Crawl4AI Prospect‑Wizard – step‑by‑step guide
A three‑stage demo that goes from LinkedIn scraping ➜ LLM reasoning ➜ graph visualisation.
prospect‑wizard/
├─ c4ai_discover.py # Stage 1 – scrape companies + people
├─ c4ai_insights.py # Stage 2 – embeddings, org‑charts, scores
├─ graph_view_template.html # Stage 3 – graph viewer (static HTML)
└─ data/ # output lands here (*.jsonl / *.json)
1 Install & boot a LinkedIn profile (one‑time)
1.1 Install dependencies
pip install crawl4ai litellm sentence-transformers pandas rich
1.2 Create / warm a LinkedIn browser profile
crwl profiles
- The interactive shell shows New profile – hit enter.
- Choose a name, e.g.
profile_linkedin_uc. - A Chromium window opens – log in to LinkedIn, solve whatever CAPTCHA, then close.

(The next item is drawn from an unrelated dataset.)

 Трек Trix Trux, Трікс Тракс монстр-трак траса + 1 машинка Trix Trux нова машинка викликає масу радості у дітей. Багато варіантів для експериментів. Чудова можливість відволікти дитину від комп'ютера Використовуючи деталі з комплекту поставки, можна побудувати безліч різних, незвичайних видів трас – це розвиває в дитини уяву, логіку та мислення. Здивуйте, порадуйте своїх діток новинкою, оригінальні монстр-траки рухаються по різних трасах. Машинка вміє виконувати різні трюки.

Remember the profile name. All future runs take
--profile-name <your_name>.
2 Discovery – scrape companies & people
python c4ai_discover.py full \
--query "health insurance management" \
--geo 102713980 \ # Malaysia geoUrn
--title-filters "" \ # or "Product,Engineering"

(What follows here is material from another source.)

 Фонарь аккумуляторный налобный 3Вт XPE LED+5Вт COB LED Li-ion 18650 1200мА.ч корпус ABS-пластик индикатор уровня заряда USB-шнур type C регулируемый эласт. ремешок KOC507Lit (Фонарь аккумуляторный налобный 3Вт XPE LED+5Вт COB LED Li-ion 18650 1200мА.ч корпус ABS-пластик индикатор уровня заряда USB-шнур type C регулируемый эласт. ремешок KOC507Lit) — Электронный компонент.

--max-companies 10 \ # default set small for workshops
--max-people 20 \ # \^ same
--profile-name profile_linkedin_uc \
--outdir ./data \
--concurrency 2 \
--log-level debug
Outputs in ./data/:
companies.jsonl– one JSON per companypeople.jsonl– one JSON per employee
🛠️ Dry‑run: C4AI_DEMO_DEBUG=1 python c4ai_discover.py full --query coffee uses bundled HTML snippets, no network.
Handy geoUrn cheatsheet
| Location | geoUrn |
|---|---|
| Singapore | 103644278 |
| Malaysia | 102713980 |
| United States | 103644922 |
| United Kingdom | 102221843 |
| Australia | 101452733 |
See more: https://www.linkedin.com/search/results/companies/?geoUrn=XXX – the number after geoUrn= is what you need. |
3 Insights – embeddings, org‑charts, decision makers
python c4ai_insights.py \
--in ./data \
--out ./data \
--embed-model all-MiniLM-L6-v2 \
--llm-provider gemini/gemini-2.0-flash \
--llm-api-key "" \
--top-k 10 \
--max-llm-tokens 8024 \
--llm-temperature 1.0 \
--workers 4
Emits next to the Stage‑1 files:
company_graph.json– inter‑company similarity graphorg_chart_<handle>.json– one per companydecision_makers.csv– hand‑picked ‘who to pitch’ list
Flags reference (straight from build_arg_parser()):
| Flag | Default | Purpose |
|---|---|---|
--in |
. |
Stage‑1 output dir |
--out |
. |
Destination dir |
--embed_model |
all-MiniLM-L6-v2 |
Sentence‑Transformer model |
--top_k |
10 |
Neighbours per company in graph |
--openai_model |
gpt-4.1 |
LLM for scoring decision makers |
--max_llm_tokens |
8024 |
Token budget per LLM call |
--llm_temperature |
1.0 |
Creativity knob |
--stub |
off | Skip OpenAI and fabricate tiny charts |
--workers |
4 |
Parallel LLM workers |
4 Visualise – interactive graph
After Stage 2 completes, simply open the HTML viewer from the project root:
open graph_view_template.html # or Live Server / Python -http
The page fetches data/company_graph.json and the org_chart_*.json files automatically; keep the data/ folder beside the HTML file.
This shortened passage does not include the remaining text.